Hacker News new | ask | show | jobs
by justincormack 5167 days ago
You can put a robots.txt in the bucket.
4 comments

Which will be ignored by Feedfetcher :-)

Plus you cannot put a robots.txt at s3.amazonaws.com so if the url is accessed through the https://s3.amazonaws.com/.... url, the robots.txt will not work.

You could put robots.txt in the bucket if you address it using the http://mybucket.s3.amazonaws.com/ alternative URL scheme - a robots.txt in the root of the bucket would then be available at http://mybucket.s3.amazonaws.com/robots.txt
Yes, that would solve the issue of not being able to have your own robots.txt file and I did not know about that. On the other hand, Feedfetcher would still ignore the robots.txt
Google's justification for ignoring this is very weak.
I disagree. Feedfetcher is no different than a browser: it fetches the URL the user inserted, nothing more (unlike a spider, which discovers URLs by itself).
Not true. It fetches the URL every single hour, not just when the user requests it. So Google is claiming they can ignore robots.txt because it was an action performed by a user (true) but they're unleashing a huge problem with this background refreshing. Google is wasting gobs of their own money, too. What if I made a bot that generated 1000s of Google accounts with 1000s of spreadsheets hotlinking 1000s of big files stored on S3? This one guy's one file did TERABYTES of transfers over a week. The underlying problem is that Google is relying on the domain name to indicate the company size, and thus the bandwidth allocation for this service.
I believe the parent's point was that, for the HTTPS scheme, you can't use any alternative CNAMEs, because they won't match the key S3 serves--so if your site is designed to be HTTPS-by-default, and is attached to an S3 bucket, putting a robots.txt in it is moot.
According to the article, that would not have helped; feedfetcher is meant to be manually triggered and thus does not obey robots.txt
For certain definitions of "manually" :)

It's manually triggered to start downloading resources every hour regardless of whether someone needs them.
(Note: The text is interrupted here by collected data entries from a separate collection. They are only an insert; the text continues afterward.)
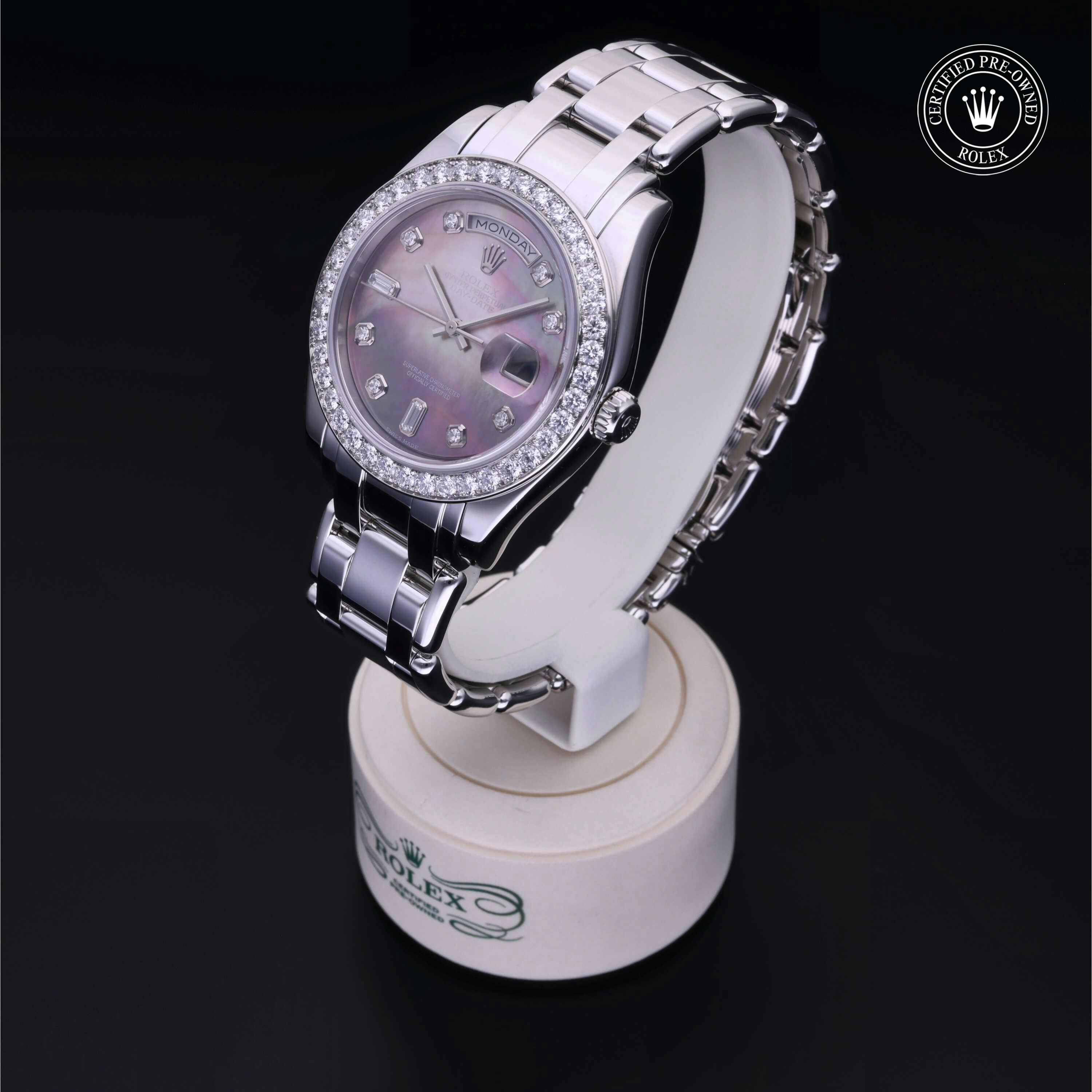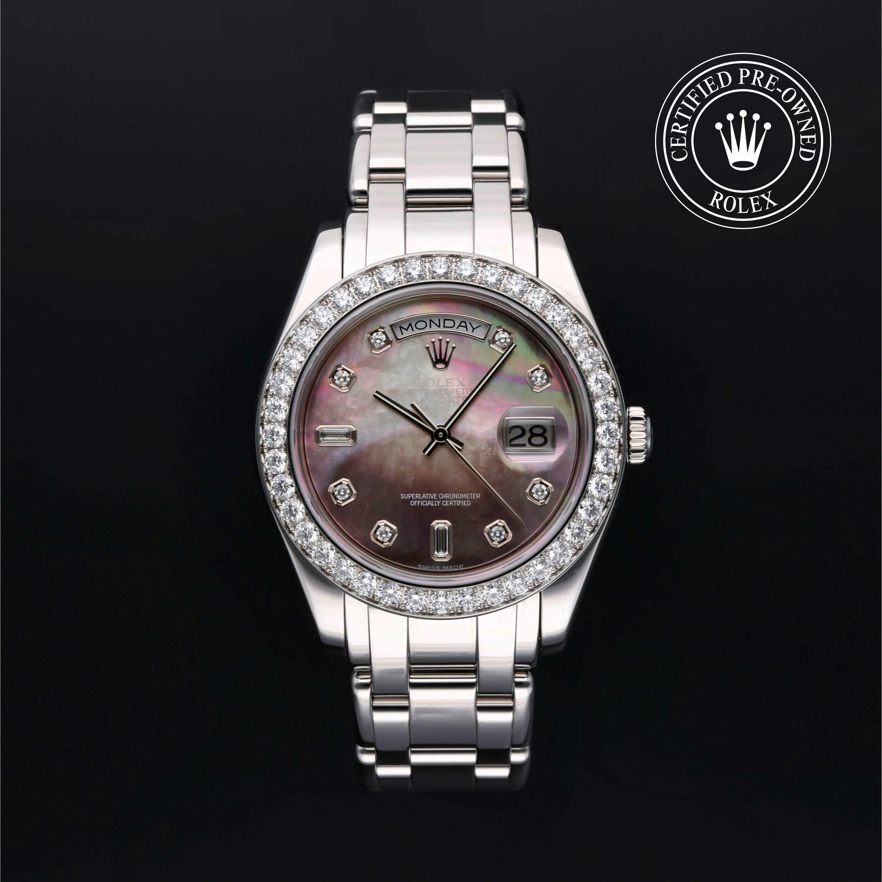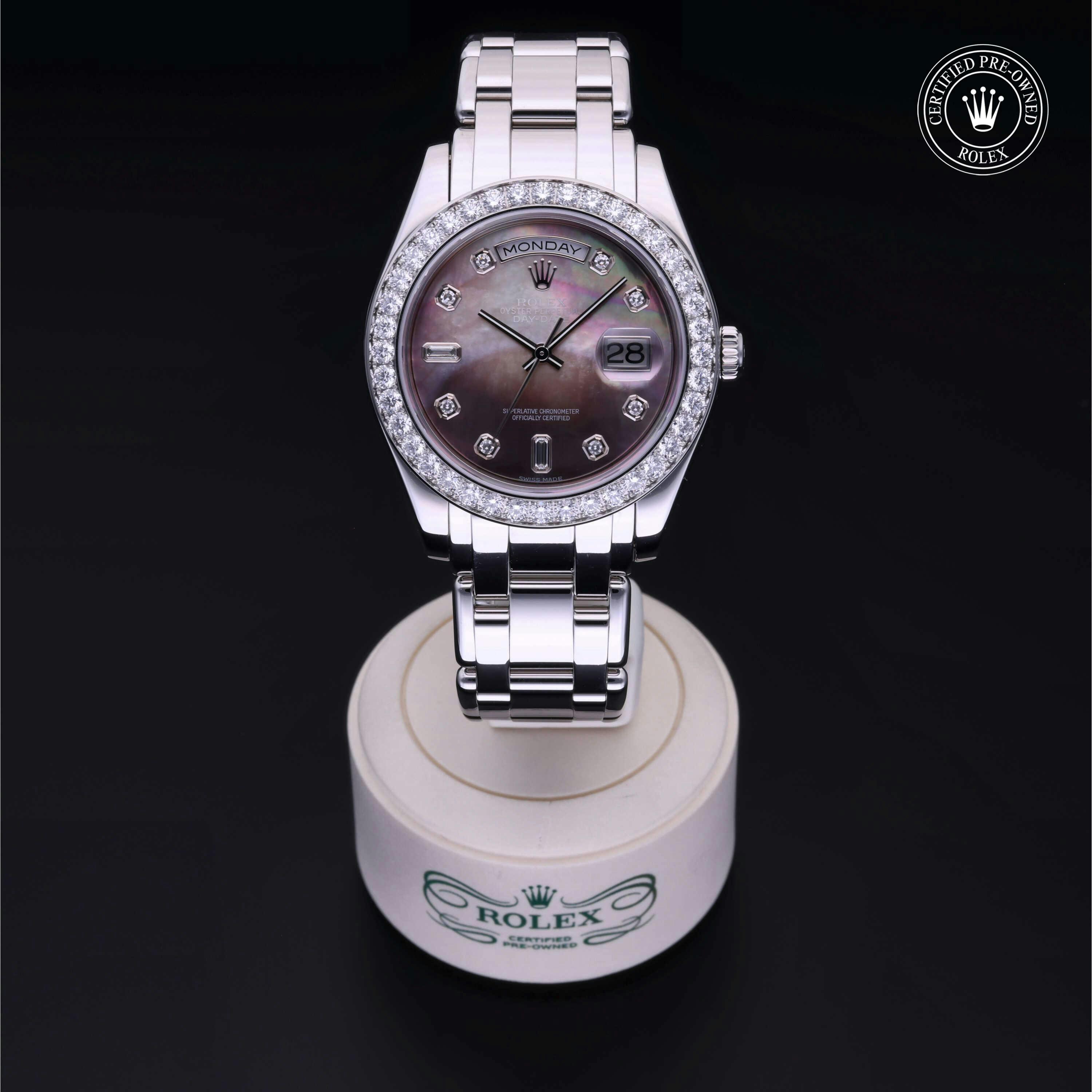 Rolex Certified Pre-Owned Day-Date (18946) self - winding automatic watch, features a 39mm platinum case and diamond set bezel surrounding a black, mother of pearl diamond set dial on a platinum pearlmaster bracelet. Functions include hours, minutes, seconds, date and day. This watch has received Rolex-authorized service and certification. It comes with the original box and papers, and includes a custom Rolex Certified Pre-Owned hang tag, travel pouch and RCPO international warranty card.
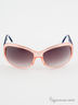 Стильная модель солнцезащитных очков выполнена из высококачественного пластика. Наконечник дужек слегка изогнутой формы, широкий мостик. Полимерные (поликарбонатные) линзы градиентно окрашены в коричневый цвет. Декор в виде вставки с логотипом бренда.
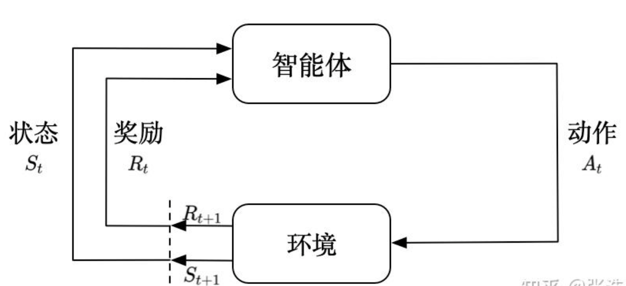在强化学习过程中,智能体跟环境一直在交互。智能体在环境里面获取到状态,智能体会利用这个状态输出一个动作,一个决策。然后这个决策会放到环境之中去,环境会根据智能体采取的决策,输出下一个状态以及当前的这个决策得到的奖励。智能体的目的就是为了尽可能多地从环境中获取奖励。

In that sense, any web spider is "manually triggered" as well ;-)

The article states that (1) you can't and (2) the bot ignores it.
No, you can't. It'd have to be at the root of http://s3.amazonaws.com/.

This is mentioned specifically in the article, in fact.

Pick subdomain-safe bucket names and you have an alternative.

    http://[bucket name].s3.amazonaws.com/robots.txt